For mortgage contracts, credit officers must strictly examine the relevant conditions of the loan contract, especially its additional effective terms and the business scope of the borrower's business license. In addition, it is particularly important to note that the validity of the mortgage contract must cover the validity of the loan contract.
(2) Do a good job of registration. According to the guarantee law, real estate, trees, aircraft, ships, vehicles, enterprise equipment and other movable property need to be registered according to law, and the mortgage contract will take effect from the date of registration. Therefore, when handling mortgage loans, banks must pay special attention to whether the collateral needs to be registered before it can take effect. In addition, it is necessary to confirm whether the loan contract and guarantee contract need to be notarized according to relevant laws and regulations.
③ Do a good job in value evaluation. Collateral value evaluation is the most commonly used means to prevent mortgage loan risks. To this end, banks should first establish a complete set of internal management system for collateral value evaluation and carry out collateral value evaluation on a regular basis. Units with conditions and needs should also establish a daily mark-to-market system and pay attention to personnel training in this area. Secondly, we should strengthen the contact, understanding and evaluation of asset appraisal companies to prevent the fraud risk in the outsourcing of collateral value appraisal business. Thirdly, we can't completely ignore the government departments that issue mortgage property certificates, especially analyze the possibility that borrowers bribe key personnel of government departments to issue false property certificates or repeat mortgages.
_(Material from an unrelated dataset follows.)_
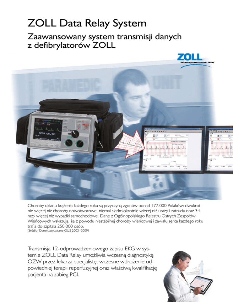 ZOLL Data Relay System Zaawansowany system transmisji danych z defibrylatorów ZOLL Choroby układu krążenia każdego roku są przyczyną zgonów ponad 177.000 Polaków: dwukrotnie więcej niż choroby nowotworowe, niemal siedmiokrotnie więcej niż urazy i zatrucia oraz 34 razy więcej niż wypadki samochodowe. Dane z Ogólnopolskiego Rejestru Ostrych Zespołów Wieńcowych wskazują, że z powodu niestabilnej choroby wieńcowej i zawału serca każdego roku trafia do szpitala 250.000 osób. (źródło: Dane statystyczne GUS 2003–2009) Transmisja 12-odprowadzeniowego zapisu EKG w systemie ZOLL Data Relay umożliwia wczesną diagnostykę OZW przez lekarza-specjalistę, wczesne wdrożenie odpowiedniej terapii reperfuzyjnej oraz właściwą kwalifikację pacjenta na zabieg PCI. Rozbudowany system teletransmisji, pomagający skrócić czas do PCI. Optymalne pierwotne PCI (przezskórna interwencja wieńcowa) powinno być przeprowadzone w ciągu 90 minut od czasu pierwszego kontaktu z osobą podejmującą decyzję o leczeniu lub przekazaniu pacjenta. (źródło: Wytyczne 2005 Resuscytacji krążeniowo-oddechowej Europejskiej Rady Resuscytacji – Pierwotne interwencje przezskórne, Kraków 2005) Europejskie Towarzystwo Kardiologiczne zaleca określone przedziały czasowe w trakcje udzielania pomocy medycznej: <10 minut dla przekazania zapisu EKG, < – 5 minut na telekonsultację, <30 minut od przybycia ambulansu sanitarnego do wdrożenia leczenia fibrynolitycznego lub < – 90 – 120 minut od przybycia ambulansu sanitarnego do pierwszego rozprężenia balonu. (źródło: Europejskie Towarzystwo Kardiologiczne) Ambulans sanitarny / SOR Transmisja danych ZOLL Data Relay System (ZDRS) to system telemedyczny dedykowany do defibrylatorów ZOLL: M Series, M Series CCT oraz E Series. Umożliwia teletransmisję zapisu 12-odprowadzeniowych badań EKG wraz z raportami trendów funkcji życiowych, w czasie rzeczywistym, bezpośrednio z miejsca zdarzenia do lekarza-konsultanta lub do Ośrodków Kardiologii Inwazyjnej. Natychmiastowy wynik. Transmisja bez zakłóceń. Zwiększone szanse pacjenta. •Możliwość analizowania zarejestrowanych zapisów EKG i parametrów życiowych przed przybyciem pacjenta do specjalistycznego Ośrodka Kardiologii Inwazyjnej. •Skrócenie czasu transportu pacjenta z Ostrym Zespołem Wieńcowym do pracowni kardiologii inwazyjnej w celu wykonania zabiegu angioplastyki. •Możliwość oceny stanu pacjenta „na odległość”. •Wsparcia podstawowych zespołów Ratownictwa Medycznego przez lekarza konsultanta / koordynatora. •Optymalizacja procedur medycznych. •Obniżenie kosztów leczenia i transportu chorych oraz ich późniejszej rehabilitacji. •Zmniejszenie umieralności z powodu zawałów serca w regionie. Reperfuzja w czasie mniejszym niż 90 min. Konsultacje medyczne Główne zalety systemu teletransmisji ZDRS: •System o wyjątkowo prostej, intuicyjnej obsłudze, chętnie przyjmowanej przez ratowników medycznych. •Wysoka, diagnostyczna jakość zapisów EKG. •Automatyczne, bezzakłóceniowe przesyłanie zapisów EKG wraz z parametrami życiowymi pacjenta. •Natychmiastowe podjęcie decyzji terapeutycznych i ewentualne rozpoczęcie specjalistycznej terapii. •Monitorowanie transportu w przypadku kwalifikacji pacjenta do Oddziału Kardiologii Inwazyjnej. •Możliwość przekierowania transmisji na dedykowane adresy e-mail lub numery fax. •Kontrola dostępu tylko dla uprawnionych użytkowników. •Bezpieczeństwo transmisji i archiwizacji danych (spełnia wymogi Ustawy o Ochronie Danych Osobowych, Dz.U. 1997 Nr 133 poz. 883). Technologiczne aspekty systemu ZDRS: System umożliwia przesyłanie diagnostycznego zapisu EKG wraz z raportami trendów funkcji życiowych przez standardowy telefon komórkowy (transmisja w systemie DUN – Dial-Up Networking) lub za pośrednictwem komputera kieszonkowego typu Palmtop/ Smartfon. • Każda transmisja zawiera identyfikator urządzenia nadawczego, zapis EKG z tabelą parametrów życiowych (Vital Trends), jak również wszystkie informacje dotyczące pacjenta, wpisane przez ratownika na miejscu zdarzenia. • System umożliwia archiwizację i grupowanie przesyłanych danych pod względem miejsca, czasu, zespołu wysyłającego zapis, etc. • Każda transmisja przesłana do komputera sygnalizowana jest powiadomieniem dźwiękowym. • Transmisja może być przesyłana do dowolnej ilości dedykowanych odbiorców (dotyczy ZDRS System z Dial-Up). • Odbiorca transmisji może być wybrany z poziomu defibrylatora. • Nowy, wcześniej nie zdefiniowany odbiorca może być wprowadzony z poziomu urządzenia nadawczego. Schemat funkcjonowania systemu ZDRS: ð Połączenie typu ZOLL Data Relay – defibrylator M Series / M Series CCT + PDA Windows Mobile Urządzenie odbiorcze Urządzenie PDA z wgranym systemem ZDRS Bluetooth M Series CCT Serwer ZDRS Firewall Transmisja Sieć komórkowa Lub Internet Intranet M Series Dane są przesyłane przez Bluetooth do urządzenia PDA z zainstalowanym oprogramowaniem ZOLL Data Relay, które przesyła je automatycznie przez Internet do serwera ZDRS. Docelowi odbiorcy otrzymują transmisję na adres e-mail lub fax. ð Połączenie typu Dial-Up Networking (DUN) – defibrylator E Series + telefon komórkowy Urządzenie odbiorcze E Series Telefon komórkowy Bluetooth Transmisja DUN Serwer ZDRS Firewall Sieć komórkowa Internet Intranet Dane przesyłane są przez Bluetooth do telefonu komórkowego (z DUN), a następnie przez Internet do serwera ZDRS. Stamtąd transmisja przekierowywana jest do dowolnej ilości skonfigurowanych odbiorców e-mail, fax. Wymagania konfiguracyjne systemu ZDRS: Ambulans sanitarny defibrylator M-Series / M Series CCT + PDA Windows Mobile ZDRS BRO: 0513WER.02 lub defibrylator E-Series + telefon komórkowy Serwer ZDRS Sprzęt •Serwer •Zestaw komputerowy •System podtrzymania zasilania UPS (opcja). Oprogramowanie Zoll Data Relay System Wymagania instalacy

④ Do a good job in asset preservation. Asset preservation of bank loans involves the disposal of collateral. In the case of default by the borrower, the bank should seal up the collateral in time to protect its rights as the first beneficiary. When disposing of collateral, efforts should be made to coordinate the relationship with relevant stakeholders, fully consider disposal costs, taxes and interest losses after loan default, and prevent the risk of selling collateral cheaply.
Extended data
The operational risk management of banks involves not only the internal procedures and processes of banks, but also the organizational structure, policies and operational risk management processes of banks. For institutions, there should be appropriate policies to deal with operational risks. First of all, we must determine these policies and inform the employees of the whole bank. In this process, we should consider several aspects: first, we should have a clear governance structure and know who to report to under what circumstances.
In a typical bank case, there should be a separate credit risk management organization, and different business departments should be responsible for the daily business management, that is, there are two reporting mechanisms to report the daily business situation to the managers of such business departments respectively;
As for credit, it must be reported to the relevant credit manager. There is also a very important point in the information involved in banks, that is, the people who get the information and the details of different levels of information. For example, what the board of directors needs is a common information, and it is impossible to give everyone the same information. In addition, information should be flexible and flexible methods of collecting information are needed.